Scientists have been hunting for those answers since the first cluster of unusual pneumonia cases emerged in China in December 2019. Investigating the origin of the novel coronavirus is a daunting task that can be compared with assembling a difficult jigsaw puzzle with most of its pieces missing. But mapping out the virus’s spread is of crucial importance to prevent new epidemics. Discovering where the virus came from could teach scientists and leaders how to avoid the situations where viruses are most likely to be introduced into humans.

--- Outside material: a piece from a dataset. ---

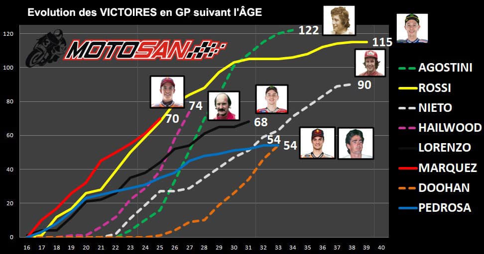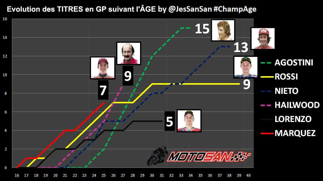 Si l’on considère les titres en Grand Prix, Marc Márquez est 6ème de l’histoire avec 7 unités, derrière Rossi, Ubbiali et Hailwood avec 9, Ángel Nieto avec 12+1 et Giacomo Agostini avec 15. Les deux plus éloignés semblent encore inaccessibles, mais égaler Rossi n’est pas impossible. Il se pourrait même que si Marc remporte les deux prochains titres et que Valentino décide de « raccrocher le cuir » à la fin de son contrat actuel, il égalera son grand rival au moment de la retraite de ce dernier.

The initial puzzle pieces of the Covid-19 pandemic were put together when whole genome sequencing of the virus showed that it shared 79.5% of its RNA with SARS-CoV, the coronavirus that had been responsible for the 2003 SARS outbreak, and was even more similar (96.2% identical) to another coronavirus called RaTG13, which had been previously found in a bat. This strongly suggested that the newly identified SARS-CoV-2 also came from bats.

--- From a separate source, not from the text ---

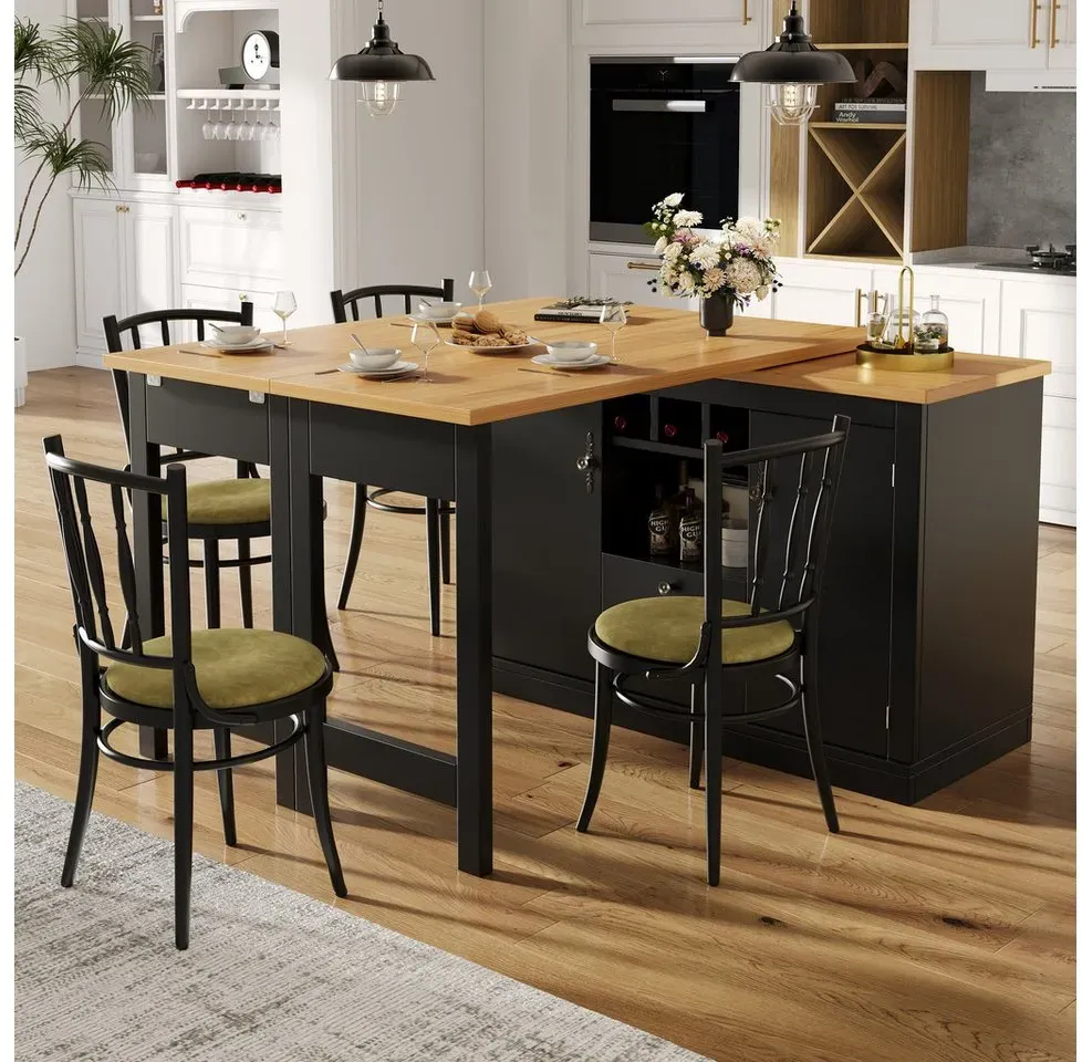 ![]() ![]() Flieks Kücheninsel mit 360 drehbarer und klappbarer Esstisch, (Holzoptik Tischplatte Tiefe 40-80cm, Längenverstellbar 120-180cm), ausziehbarer Esstisch & Mehrzweckschrank mit Schubladen und Weinregal schwarz

Some of the earliest cases of Covid-19 were connected to a local seafood market in the city of Wuhan, which seemed to indicate that the market was where the virus made its leap from the winged mammals to humans. But it soon became clear that not all of the early cases could be traced back to the market. Only 66% of the initial 41 patients had been exposed to the location. Notably, the first patient identified (who is not necessarily the first to have acquired the disease) had not been to the market.
Patient zero: a fruitless quest?
At that point, the quest to find the very first person who came down with Covid-19 — the pandemic’s “patient zero” — became quite an unrealistic endeavor, according to scientists. With the majority of people infected with Covid-19 suffering from mild symptoms or no symptoms at all, the virus could have been circulating silently in the population before it garnered the attention of health authorities.
“There’s a window for that. You could look for it when you had very few cases by searching for people that have immunity to the virus,” says Vineet D. Menachery, PhD, assistant professor in the Department of Microbiology and Immunology at the University of Texas Medical Branch. The issue is that now millions of people around the world have been exposed to the virus, so the window for that kind of tracing is closing for the Covid-19 pandemic.
“No matter how good we are as scientists, we may never find it.”
That doesn’t mean scientists aren’t trying. One of the only ways to identify the first infection at this point would be searching through old samples predating the pandemic. “There are biobanks for tissues, blood, nasal swabs… I guarantee that where those collections are, people are looking for SARS-like viruses,” says virologist Robert F. Garry, PhD, a professor of microbiology and immunology at Tulane Medical School. He and his team, for example, are looking into blood samples collected in West Africa, where they’ve been studying Lassa fever and Ebola for 15 years, to try to find antibodies to the new coronavirus to see if it could’ve been circulating there before the pandemic. “So far, nothing to report.”
There are circumstances where finding patient zero is possible. In the 2014 Ebola outbreak in West Africa, for example, scientists reported having found the presumed first person to have been infected, a two-year-old child who died from the disease in a village in Guinea. “Ebola is a highly fatal disease,” says David M. Morens, MD, a medical virologist and a senior adviser to Dr. Anthony Fauci, director of the National Institute of Allergy and Infectious Diseases. “If a first Ebola infection happens, it’s probably going to be a serious illness, and everybody in that village is going to know about it.”
Morens says that scientists don’t use the term “patient zero,” because it gives people a false sense that if scientists looked hard enough, they would find that first case. “No matter how good we are as scientists, we may never find it,” he says.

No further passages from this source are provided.